> [TASK STATEMENT]: Below are some records. Return exactly their lines from the one containing "Figure 1. A,B, Isolated" through the one containing "英语学科就今天的校内教学视导", and drop the pictures.

> [DATA SECTION]:
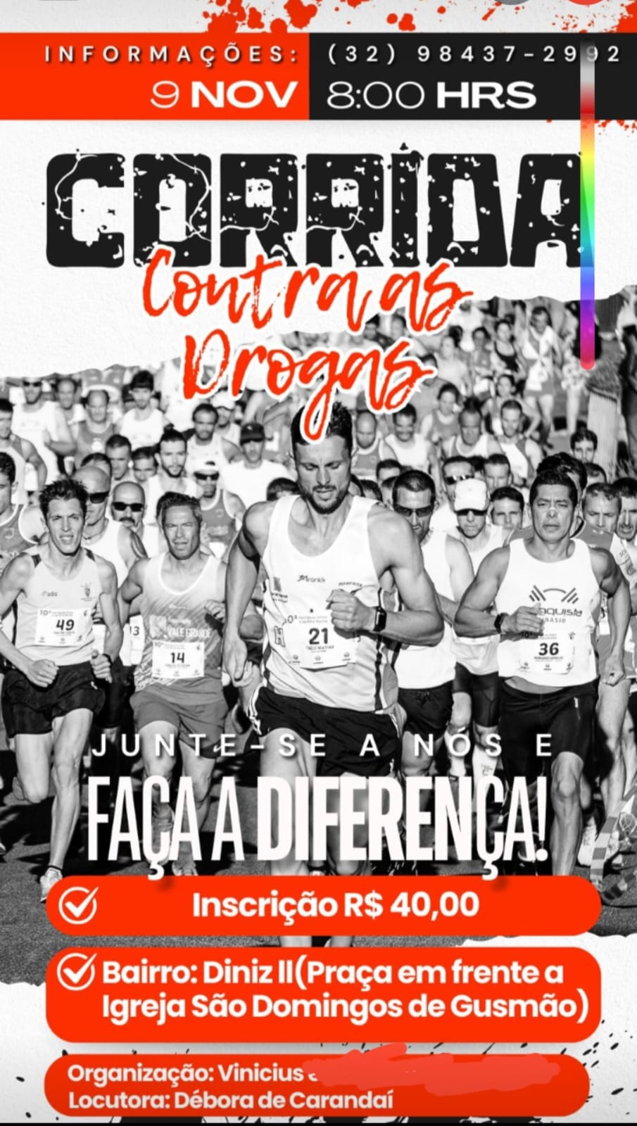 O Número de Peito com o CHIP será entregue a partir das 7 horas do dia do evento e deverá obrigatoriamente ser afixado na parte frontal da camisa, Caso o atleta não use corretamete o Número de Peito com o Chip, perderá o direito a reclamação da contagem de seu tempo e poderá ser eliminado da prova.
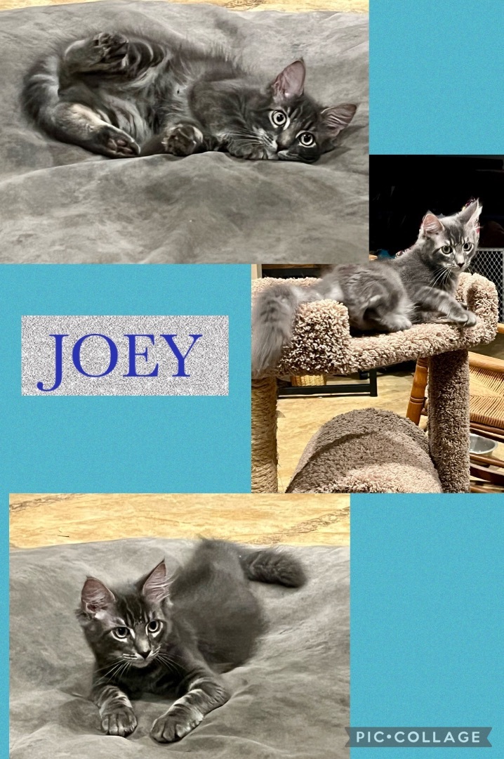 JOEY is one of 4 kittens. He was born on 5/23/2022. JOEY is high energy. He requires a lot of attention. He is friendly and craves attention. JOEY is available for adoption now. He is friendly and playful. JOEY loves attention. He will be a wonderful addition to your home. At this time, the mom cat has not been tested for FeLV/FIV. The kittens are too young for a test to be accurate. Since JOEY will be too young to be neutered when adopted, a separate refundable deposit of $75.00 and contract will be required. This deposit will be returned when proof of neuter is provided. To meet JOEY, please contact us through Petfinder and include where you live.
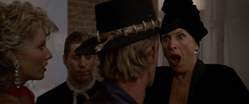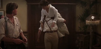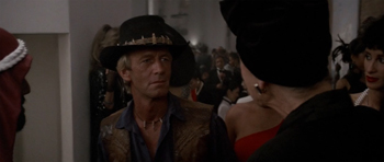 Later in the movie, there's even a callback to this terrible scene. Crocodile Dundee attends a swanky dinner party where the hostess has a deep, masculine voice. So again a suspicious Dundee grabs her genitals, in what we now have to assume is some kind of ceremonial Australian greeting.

...

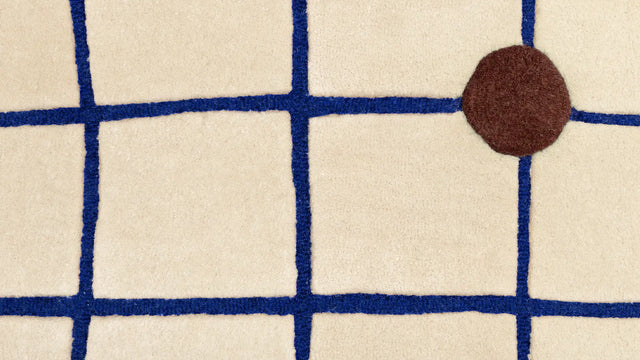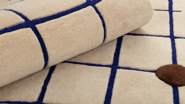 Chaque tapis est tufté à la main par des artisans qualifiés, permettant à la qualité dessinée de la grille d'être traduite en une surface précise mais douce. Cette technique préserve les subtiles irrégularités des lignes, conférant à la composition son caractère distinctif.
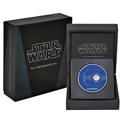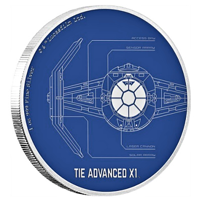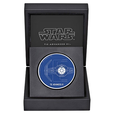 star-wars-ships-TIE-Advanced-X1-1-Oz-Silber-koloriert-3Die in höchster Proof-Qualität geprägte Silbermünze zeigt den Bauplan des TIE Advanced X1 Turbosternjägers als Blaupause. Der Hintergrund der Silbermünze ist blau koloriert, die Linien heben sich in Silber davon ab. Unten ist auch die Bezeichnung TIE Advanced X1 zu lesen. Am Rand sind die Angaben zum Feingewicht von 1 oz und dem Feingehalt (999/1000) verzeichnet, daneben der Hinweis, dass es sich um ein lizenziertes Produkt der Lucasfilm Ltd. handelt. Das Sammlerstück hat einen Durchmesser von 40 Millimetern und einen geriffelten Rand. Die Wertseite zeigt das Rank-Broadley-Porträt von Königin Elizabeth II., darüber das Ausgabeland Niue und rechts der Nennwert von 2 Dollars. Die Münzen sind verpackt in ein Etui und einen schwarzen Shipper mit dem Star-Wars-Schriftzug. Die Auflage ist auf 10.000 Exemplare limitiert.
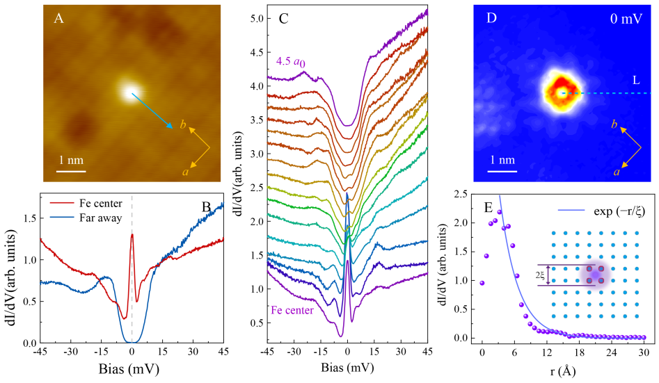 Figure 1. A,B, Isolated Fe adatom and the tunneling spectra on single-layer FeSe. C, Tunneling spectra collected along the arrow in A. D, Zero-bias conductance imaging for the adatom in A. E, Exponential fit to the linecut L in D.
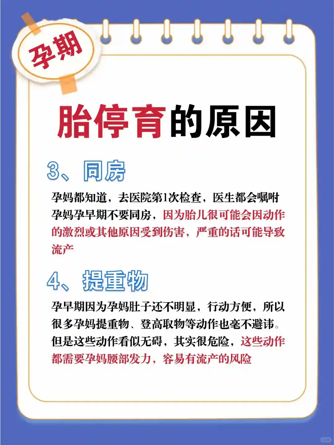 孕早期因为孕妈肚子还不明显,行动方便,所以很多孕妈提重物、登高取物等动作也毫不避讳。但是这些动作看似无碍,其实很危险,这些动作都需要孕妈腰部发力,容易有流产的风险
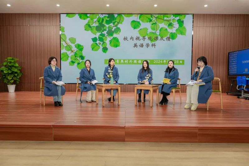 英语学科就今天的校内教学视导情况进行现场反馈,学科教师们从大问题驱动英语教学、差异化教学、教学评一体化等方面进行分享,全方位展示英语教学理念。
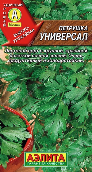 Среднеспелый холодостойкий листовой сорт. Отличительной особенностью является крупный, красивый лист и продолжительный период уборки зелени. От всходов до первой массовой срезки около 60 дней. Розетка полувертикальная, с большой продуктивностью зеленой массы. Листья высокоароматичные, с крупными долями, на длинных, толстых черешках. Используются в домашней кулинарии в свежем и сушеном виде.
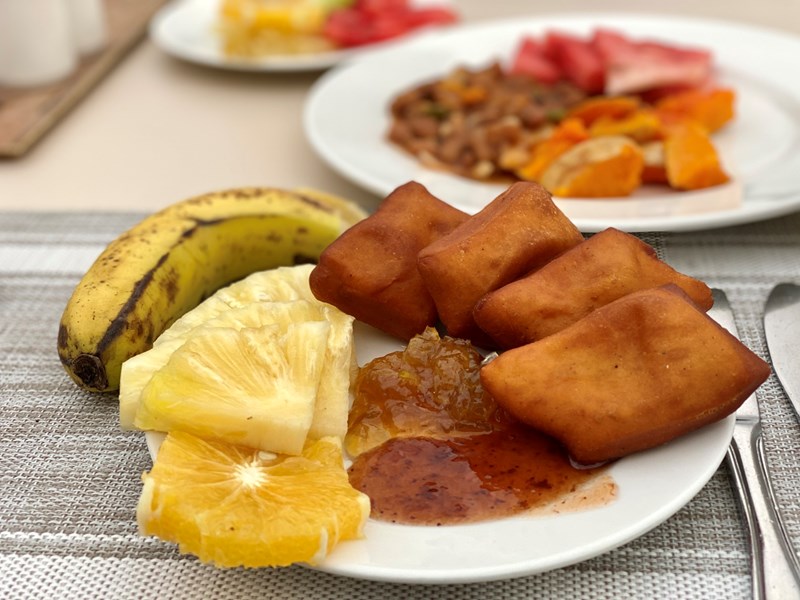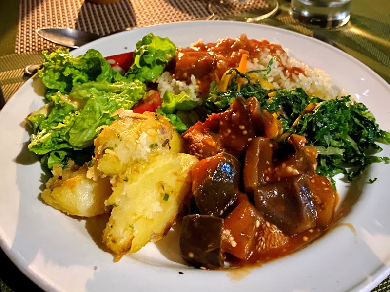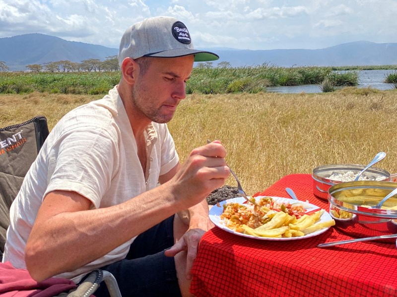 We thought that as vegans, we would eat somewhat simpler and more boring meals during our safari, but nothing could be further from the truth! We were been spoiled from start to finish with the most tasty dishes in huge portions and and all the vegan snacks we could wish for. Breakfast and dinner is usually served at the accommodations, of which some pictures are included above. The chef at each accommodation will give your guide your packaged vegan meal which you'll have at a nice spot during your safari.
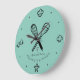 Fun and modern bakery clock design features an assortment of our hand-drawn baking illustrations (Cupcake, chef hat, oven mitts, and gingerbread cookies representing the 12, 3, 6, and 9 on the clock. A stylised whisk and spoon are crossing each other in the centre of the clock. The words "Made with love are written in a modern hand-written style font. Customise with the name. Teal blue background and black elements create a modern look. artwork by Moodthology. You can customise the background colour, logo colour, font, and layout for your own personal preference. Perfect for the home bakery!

> [WORKED SOLUTION]:
 Figure 1. A,B, Isolated Fe adatom and the tunneling spectra on single-layer FeSe. C, Tunneling spectra collected along the arrow in A. D, Zero-bias conductance imaging for the adatom in A. E, Exponential fit to the linecut L in D.
 孕早期因为孕妈肚子还不明显,行动方便,所以很多孕妈提重物、登高取物等动作也毫不避讳。但是这些动作看似无碍,其实很危险,这些动作都需要孕妈腰部发力,容易有流产的风险
 英语学科就今天的校内教学视导情况进行现场反馈,学科教师们从大问题驱动英语教学、差异化教学、教学评一体化等方面进行分享,全方位展示英语教学理念。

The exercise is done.